* **TASK DIRECTIONS**
In the listing that follows, the lines starting at the one containing "Varga Brigitta és" and ending at the one containing "Radionice profesora Romea" are to be returned exactly, both boundary lines included, and no others.

* **AVAILABLE DATA**
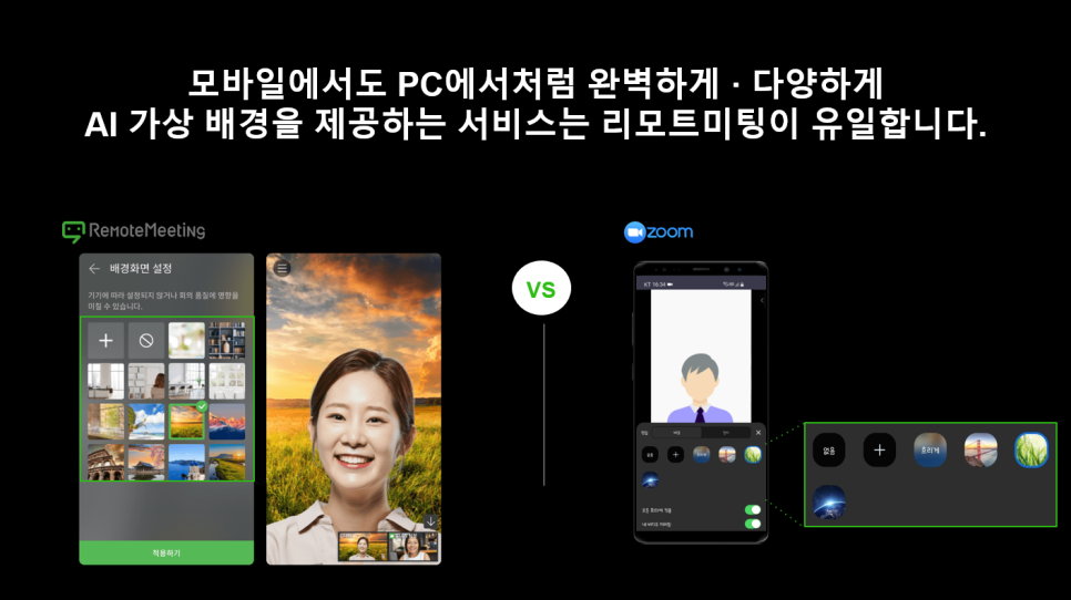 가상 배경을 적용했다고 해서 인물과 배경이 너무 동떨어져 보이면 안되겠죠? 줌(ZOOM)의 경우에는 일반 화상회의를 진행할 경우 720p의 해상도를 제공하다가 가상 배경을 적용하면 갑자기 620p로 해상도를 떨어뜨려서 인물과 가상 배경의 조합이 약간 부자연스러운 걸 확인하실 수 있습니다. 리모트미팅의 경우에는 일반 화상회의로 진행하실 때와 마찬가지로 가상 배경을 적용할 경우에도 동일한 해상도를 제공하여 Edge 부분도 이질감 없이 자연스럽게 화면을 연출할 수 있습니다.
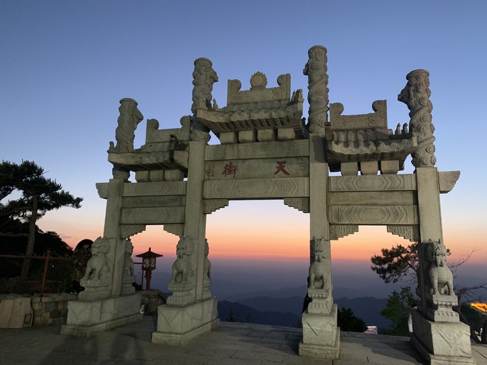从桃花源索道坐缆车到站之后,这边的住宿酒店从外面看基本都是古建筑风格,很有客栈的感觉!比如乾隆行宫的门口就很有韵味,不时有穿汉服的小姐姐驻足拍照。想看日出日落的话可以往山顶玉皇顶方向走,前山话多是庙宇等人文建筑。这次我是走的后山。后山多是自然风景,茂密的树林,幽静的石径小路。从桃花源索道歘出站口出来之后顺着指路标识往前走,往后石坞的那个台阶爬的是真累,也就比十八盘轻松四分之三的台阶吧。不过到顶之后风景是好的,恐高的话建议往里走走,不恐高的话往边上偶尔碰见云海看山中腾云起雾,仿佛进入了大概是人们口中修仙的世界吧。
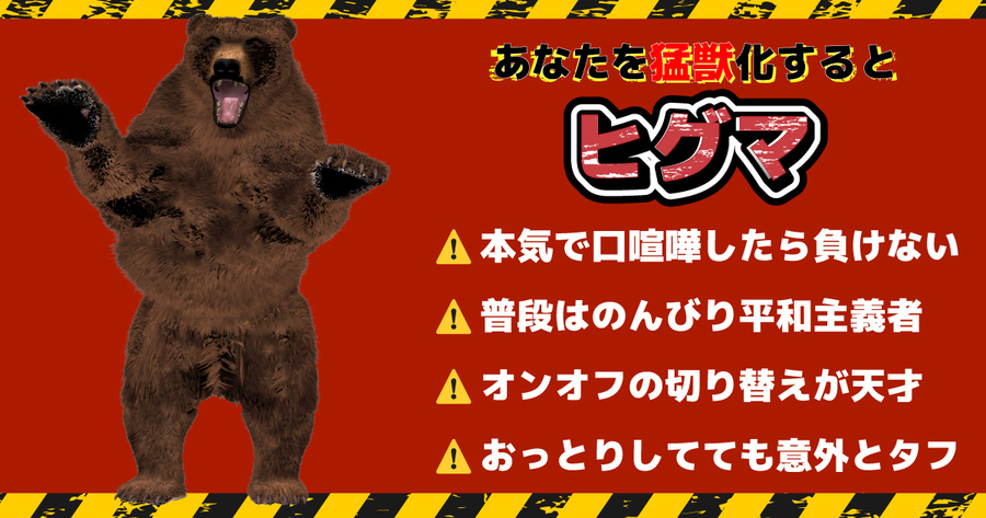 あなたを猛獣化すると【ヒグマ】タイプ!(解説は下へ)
...
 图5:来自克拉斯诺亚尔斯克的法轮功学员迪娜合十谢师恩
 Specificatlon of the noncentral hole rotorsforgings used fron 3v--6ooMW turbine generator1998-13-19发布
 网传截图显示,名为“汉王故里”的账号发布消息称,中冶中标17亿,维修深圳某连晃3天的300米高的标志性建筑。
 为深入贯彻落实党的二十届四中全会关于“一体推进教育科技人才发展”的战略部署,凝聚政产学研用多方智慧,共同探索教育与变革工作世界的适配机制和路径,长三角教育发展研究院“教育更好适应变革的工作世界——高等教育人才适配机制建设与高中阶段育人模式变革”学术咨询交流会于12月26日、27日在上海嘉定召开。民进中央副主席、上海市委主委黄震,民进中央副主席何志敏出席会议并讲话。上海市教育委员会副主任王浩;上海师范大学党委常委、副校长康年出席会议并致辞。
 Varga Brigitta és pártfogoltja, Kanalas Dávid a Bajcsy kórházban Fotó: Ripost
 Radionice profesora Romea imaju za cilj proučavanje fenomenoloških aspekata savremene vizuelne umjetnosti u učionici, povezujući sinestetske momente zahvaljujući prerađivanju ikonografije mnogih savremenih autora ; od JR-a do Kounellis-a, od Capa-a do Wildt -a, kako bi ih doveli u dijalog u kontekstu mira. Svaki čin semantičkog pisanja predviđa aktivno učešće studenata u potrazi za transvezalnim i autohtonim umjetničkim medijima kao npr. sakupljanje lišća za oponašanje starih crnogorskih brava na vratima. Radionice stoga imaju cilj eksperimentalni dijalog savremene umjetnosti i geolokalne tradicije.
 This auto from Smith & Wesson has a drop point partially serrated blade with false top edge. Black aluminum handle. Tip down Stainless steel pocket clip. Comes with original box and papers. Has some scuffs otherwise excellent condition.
...
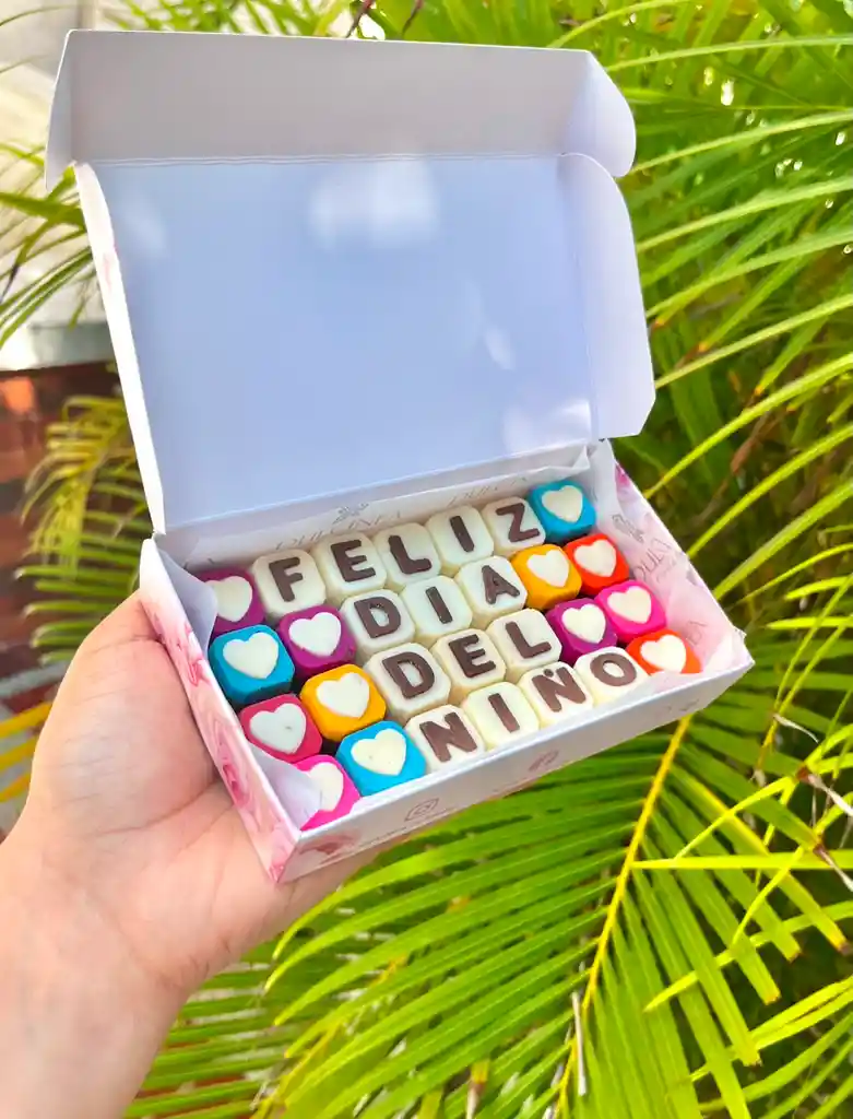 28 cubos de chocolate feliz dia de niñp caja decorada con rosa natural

* **RESPONSE AREA**
 Varga Brigitta és pártfogoltja, Kanalas Dávid a Bajcsy kórházban Fotó: Ripost
 Radionice profesora Romea imaju za cilj proučavanje fenomenoloških aspekata savremene vizuelne umjetnosti u učionici, povezujući sinestetske momente zahvaljujući prerađivanju ikonografije mnogih savremenih autora ; od JR-a do Kounellis-a, od Capa-a do Wildt -a, kako bi ih doveli u dijalog u kontekstu mira. Svaki čin semantičkog pisanja predviđa aktivno učešće studenata u potrazi za transvezalnim i autohtonim umjetničkim medijima kao npr. sakupljanje lišća za oponašanje starih crnogorskih brava na vratima. Radionice stoga imaju cilj eksperimentalni dijalog savremene umjetnosti i geolokalne tradicije.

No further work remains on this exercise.